The main problem is that
runAffineTransform affTr (!x, !y) = (get affTr `VU.unsafeIndex` 0 * x + get affTr `VU.unsafeIndex` 1 * y + get affTr `VU.unsafeIndex` 2, get affTr `VU.unsafeIndex` 3 * x + get affTr `VU.unsafeIndex` 4 * y + get affTr `VU.unsafeIndex` 5)
creates a couple of tricks. Components are not evaluated when runAffineTransform called; they remain discontinuities until any consumer requires evaluation.
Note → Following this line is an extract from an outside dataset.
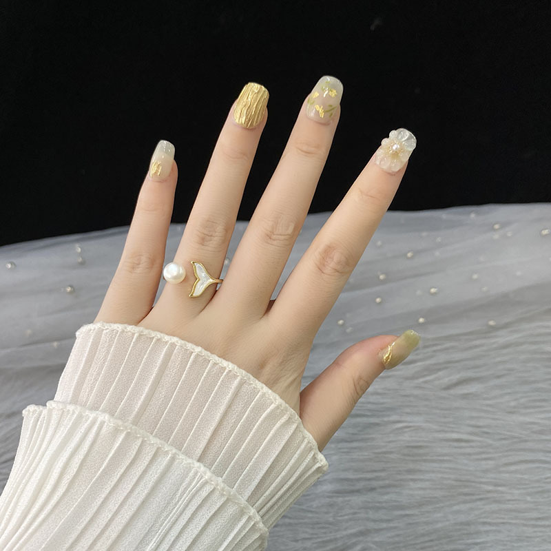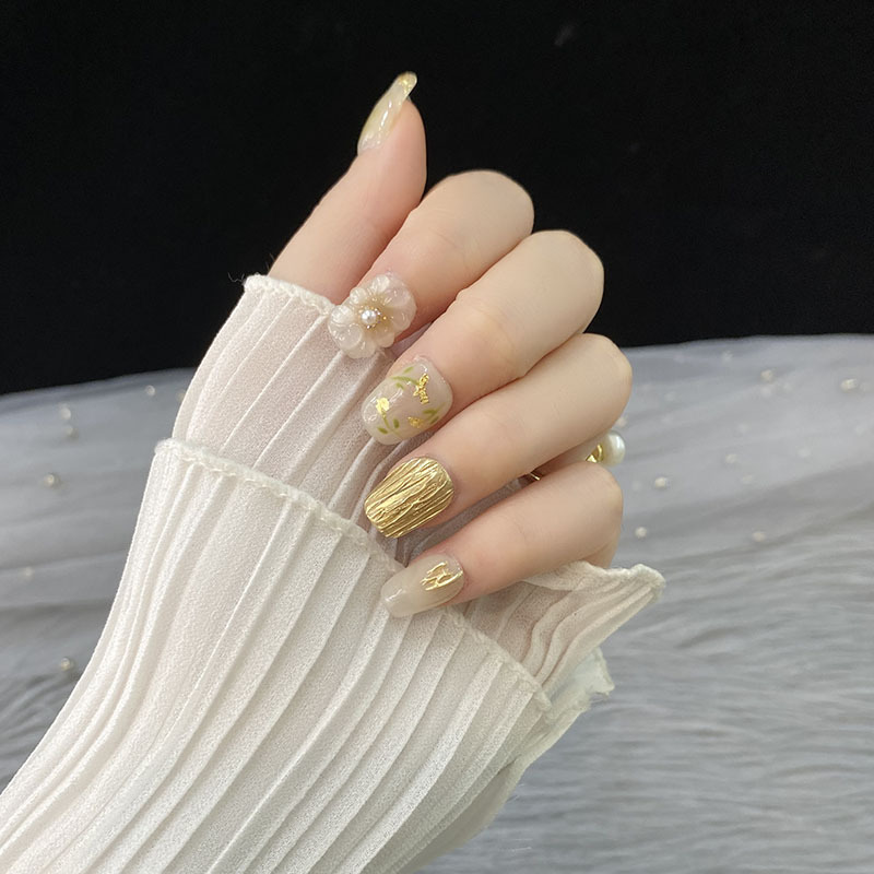 | nameOriginal | [Big Flower manicure] Hand-worn nail gold foil three-dimensional flower spring and summer elegant white high-grade new Chinese Square |

testAffineTransformSpeed affTr count = go count (0.5, 0.5) where go :: Int -> (Double, Double) -> (Double, Double) go 0 res = res go !n !res = go (n-1) (runAffineTransform affTr res)
is not that consumer, bang on res evaluates only its external constructor (,) , and you get the result
runAffineTransform affTr (runAffineTrasform affTr (runAffineTransform affTr (...)))
which is evaluated only at the end, when finally a normal form is required.
If you immediately forcibly evaluate the components of the result,
runAffineTransform affTr (!x, !y) = case ( get affTr `U.unsafeIndex` 0 * x + get affTr `U.unsafeIndex` 1 * y + get affTr `U.unsafeIndex` 2 , get affTr `U.unsafeIndex` 3 * x + get affTr `U.unsafeIndex` 4 * y + get affTr `U.unsafeIndex` 5 ) of (!a,!b) -> (a,b)
and let it be built in, the main difference from jtobin using a custom strict unboxed Double# pair is that for the loop in testAffineTransformSpeed you get one initial iteration using the Double argument in the box, and at the end the result components are put into the box, which adds some constant overhead (something about 5 nanoseconds per cycle on my box). The main part of the loop takes the arguments Int# and two Double# in both cases, and the body of the loop is identical, with the exception of boxing, when n = 0 reached.
Of course, forced immediate evaluation of components using the unpacked strict pair type is better.